The main idea of TFIDF is that if a word or phrase appears frequently in one article and rarely in other articles, it is considered that this word or phrase has good classification ability and is suitable for classification. TFIDF is actually TF * IDF, TF term frequency, and IDF inverse document frequency. TF indicates the frequency of entries in document D (in other words, TF term frequency refers to the number of times a given word appears in the file). The main idea of IDF is: if there are fewer documents containing entry T, that is, the smaller n is, the larger IDF is, it indicates that entry t has a good ability to distinguish categories. If the number of documents containing entry t in a certain type of document C is m, and the total number of documents containing T in other types is k, it is obvious that the number of documents containing T is n = m + K. when m is large, n is also large, and the IDF value obtained according to the IDF formula will be small, indicating that the ability to distinguish the category of entry t is not strong. (on the other hand, IDF inverse document frequency means that the fewer documents containing entries, the larger the IDF, indicating that entries have a good ability to distinguish between categories.) However, in fact, if an entry appears frequently in a class of documents, it indicates that the entry can well represent the characteristics of the text of this class. Such entries should be given high weight and selected as the characteristic word of this class of documents to distinguish them from other classes of documents. This is the deficiency of IDF
Recently, to extract domain concepts, TFIDF, as a very classic algorithm, can be used as one step.

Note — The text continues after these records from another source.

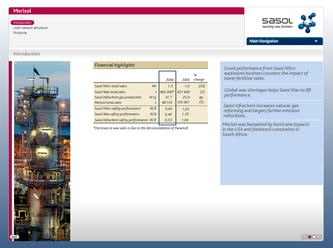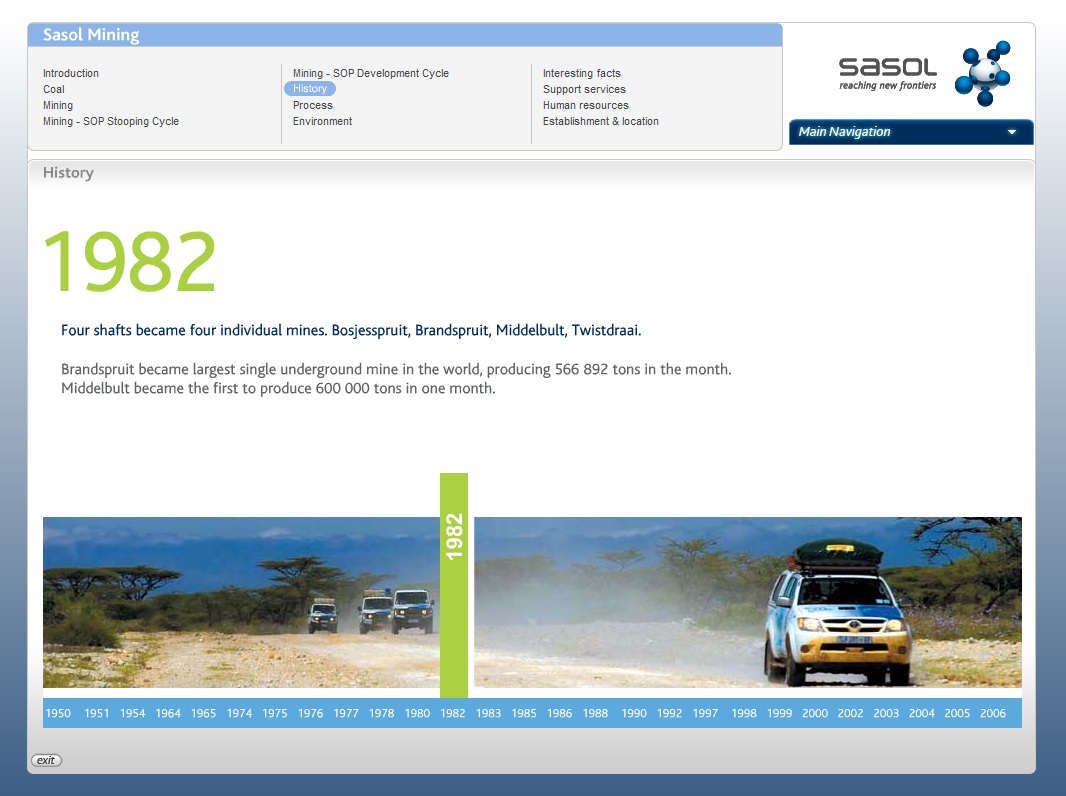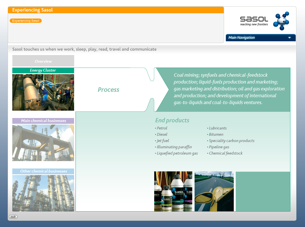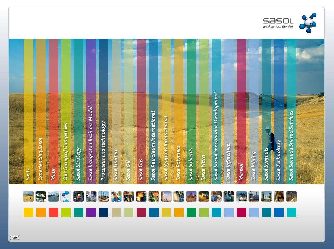 Sasol required an interactive CD-Rom that could be used as a visual sales/information tool which highlighted the various departments, products and procedures of the entire Sasol group. The final product featured over 3000 pages of information including over 100 static and interative info-graphics. I was involved with the art direction, UI/UX design, front-end design and development.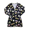 Women's Fashion V-neck High Waist Playsuit Casual Pattern Printing Buttoned Flap Romper Long Sleeve Short Pants Home Clothing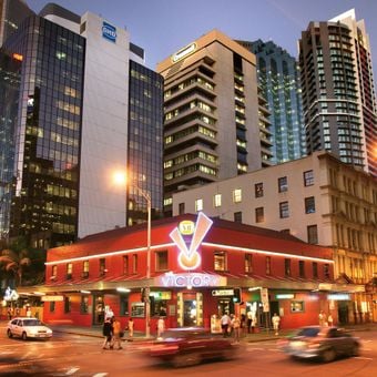 The Victory Hotel occupies a corner position at Edward and Charlotte Streets, featuring two levels with six bars, a lounge, deck, and beer garden.
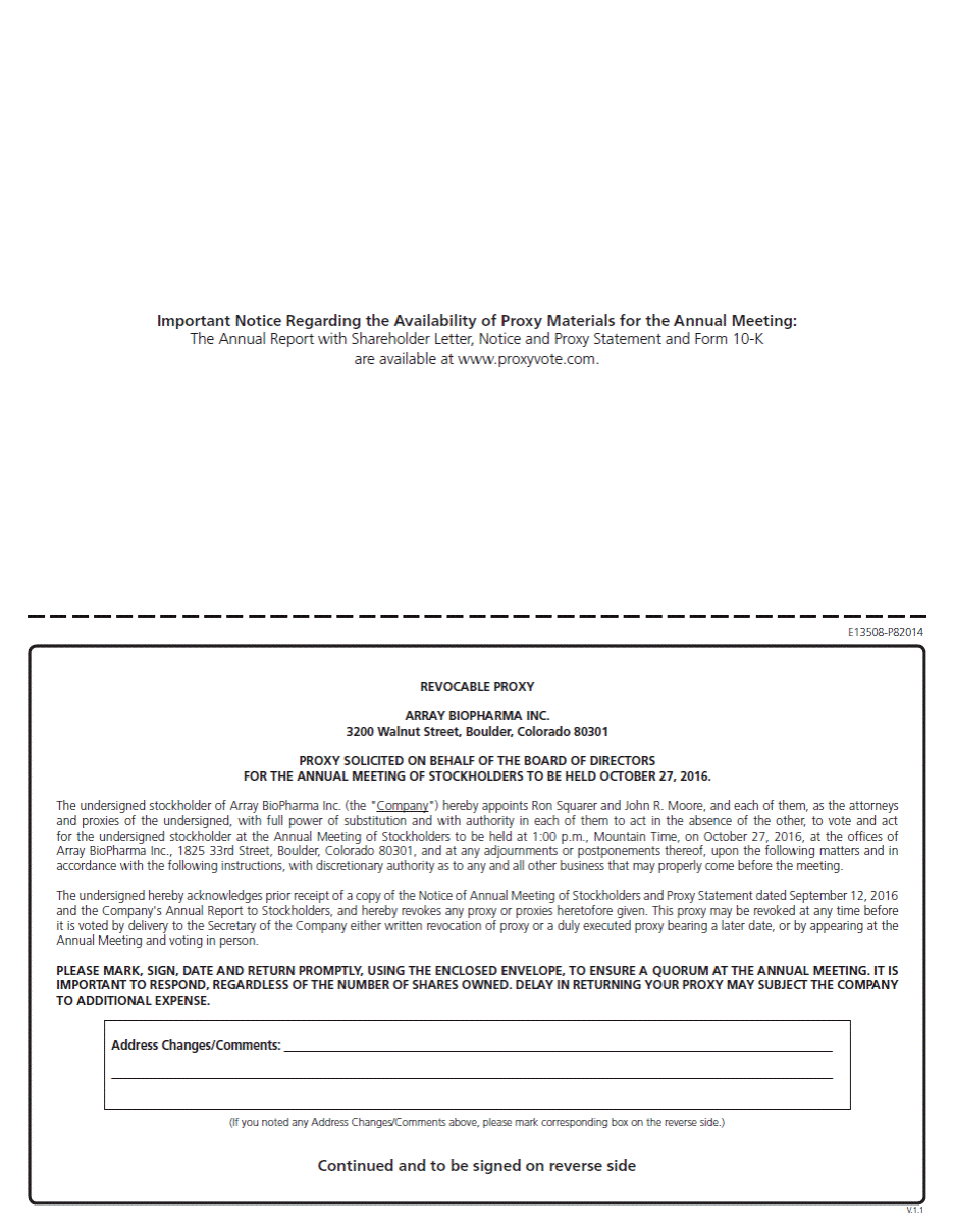 Important Notice Regarding the Availability of Proxy Materials for the Annual Meeting: The Annual Report with Shareholder Letter, Notice and Proxy Statement and Form 10-K are available at www.proxyvote.com. E13508-P82014 REVOCABLE PROXY ARRAY BIOPHARMA INC. 3200 Walnut Street, Boulder, Colorado 80301 PROXY SOLICITED ON BEHALF OF THE BOARD OF DIRECTORS FOR THE ANNUAL MEETING OF STOCKHOLDERS TO BE HELD OCTOBER 27, 2016. The undersigned stockholder of Array BioPharma Inc. (the "Company") hereby appoints Ron Squarer and John R. Moore, and each of them, as the attorneys and proxies of the undersigned, with full power of substitution and with authority in each of them to act in the absence of the other, to vote and act for the undersigned stockholder at the Annual Meeting of Stockholders to be held at 1:00 p.m., Mountain Time, on October 27, 2016, at the offices of Array BioPharma Inc., 1825 33rd Street, Boulder, Colorado 80301, and at any adjournments or postponements thereof, upon the following matters and in accordance with the following instructions, with discretionary authority as to any and all other business that may properly come before the meeting. The undersigned hereby acknowledges prior receipt of a copy of the Notice of Annual Meeting of Stockholders and Proxy Statement dated September 12, 2016 and the Company's Annual Report to Stockholders, and hereby revokes any proxy or proxies heretofore given. This proxy may be revoked at any time before it is voted by delivery to the Secretary of the Company either written revocation of proxy or a duly executed proxy bearing a later date, or by appearing at the Annual Meeting and voting in person. PLEASE MARK, SIGN, DATE AND RETURN PROMPTLY, USING THE ENCLOSED ENVELOPE, TO ENSURE A QUORUM AT THE ANNUAL MEETING. IT IS IMPORTANT TO RESPOND, REGARDLESS OF THE NUMBER OF SHARES OWNED. DELAY IN RETURNING YOUR PROXY MAY SUBJECT THE COMPANY TO ADDITIONAL EXPENSE. (If you noted any Address Changes/Comments above, please mark corresponding box on the reverse side.) Continued and to be signed on reverse side V.1.1 Address Changes/Comments:

The calculation formula is simple as follows:
Pretreatment
Since the candidate words to be processed are about 3W + and the number of corpus documents is 1W +, it is time-consuming to directly traverse the text one by one, and the processing time of each word is more than one minute.
In order to shorten the time, word segmentation is carried out first. A word is output as a line for convenient statistics. Hanlp is selected as the word segmentation tool.
Then, the documents in one field are merged into one file and divided with the "$$" identifier to facilitate the recording of the number of documents.
The following is the selected domain corpus (under the path directory):
code implementation
Operation results
The test term is "retirees", and the intermediate results are as follows:
Final result:
conclusion
It can be seen that the TFIDF value of "retirees" in the field of endowment insurance and social security is relatively high, which can be used as a basis to judge whether they are domain concepts.
Of course, although TF-IDF algorithm is very classic, it still has many shortcomings and can not rely on its results alone.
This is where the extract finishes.